А между тем, кое-какие слухи о нем доходили до Тамары. С месяц тому назад возвратился из Букарешта один из ординаторов их госпиталя, сопровождавший туда партию больных и раненых, — тот самый ординатор, что так нелестно обмолвился при ней, в Зимнице, насчет Каржоля и так ужасно сконфузился тогда, узнав тут же, что граф жених ее. По возвращении в Богот, думая, что Тамаре будет приятно услышать весточку о своем женихе, он сообщил ей, что видел его дважды в Букареште: раз в театре и раз за ужином в ресторане «Metropole», что граф, по-видимому, процветает, что за ужином их даже познакомил между собой один русский корреспондент, причем граф оказался очень милым человеком и веселым собеседником, но что о Тамаре ординарец ему не упоминал, полагая, что это было бы нескромно. Таким образом, Тамара знала, что месяц тому назад Каржоль был жив и здоров и даже веселился; но тем удивительнее казалось ей, что он не пишет. Такое продолжительное молчание она желала и старалась объяснять себе тем, что, вероятно, с ним случилось что-нибудь особенное, или же письма его пропадают на почте. Но странно, — не могут же они пропадать все подряд! Получают же другие, почему же у них не пропадают?
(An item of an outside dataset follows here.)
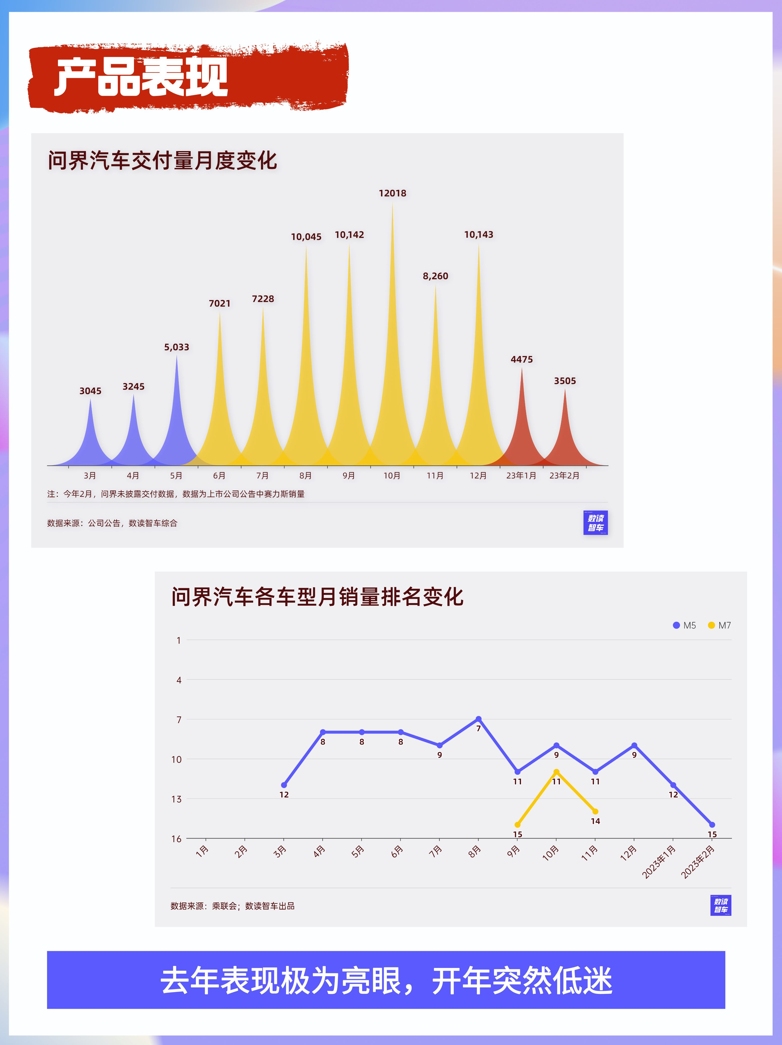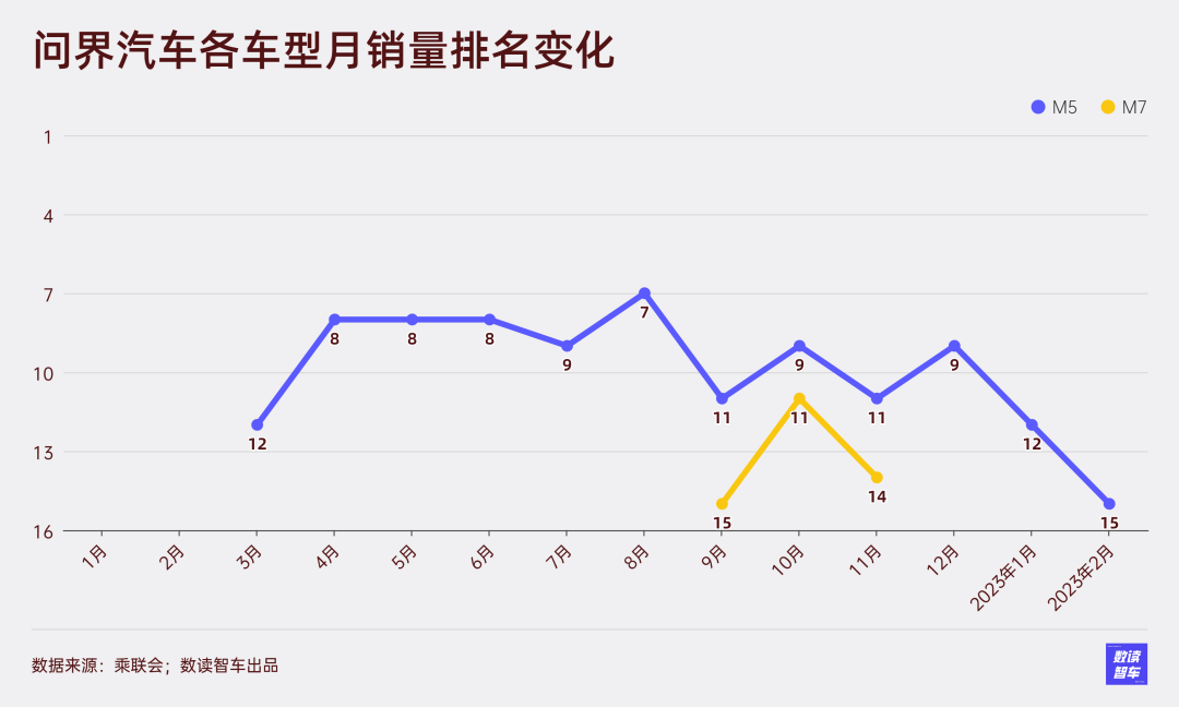 M7作为新款车型却表现出颓势,最初交付的几个月登上过榜单,但随后便跌落榜单,目前仍然未能重新回归。
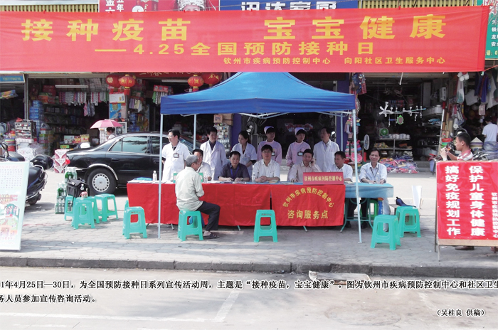 宝宝健康”,图为钦州市疾控中心和社区卫生服务中心医务人员参加宣传咨询活动。

Чем дальше тянулось время, тем все чаще молчание это начинало казаться ей просто невниманием, даже равнодушием к ней со стороны Каржоля, после чего писать к нему первой выходило уже неловким, как будто и собственное самолюбие не позволяло этого. Напишешь, а он — Бог его знает — не сочтет ли это даже за навязчивость? Угодно ли, наконец, ему получать ее письма? Захотел бы вспомнить, так уж, конечно, нашел бы время и возможность написать, или хотя бы телеграфировать, — для этого, кажется, немного нужно времени. А то, значит, не хочет и не вспоминает… Значит, не болит ему это… значит, ему все равно! И это последнее сознание, больно задевая самолюбие Тамары, было ей и горько, и обидно, так что порой, под его влиянием, начинала она испытывать против графа даже чувство некоторого раздражения.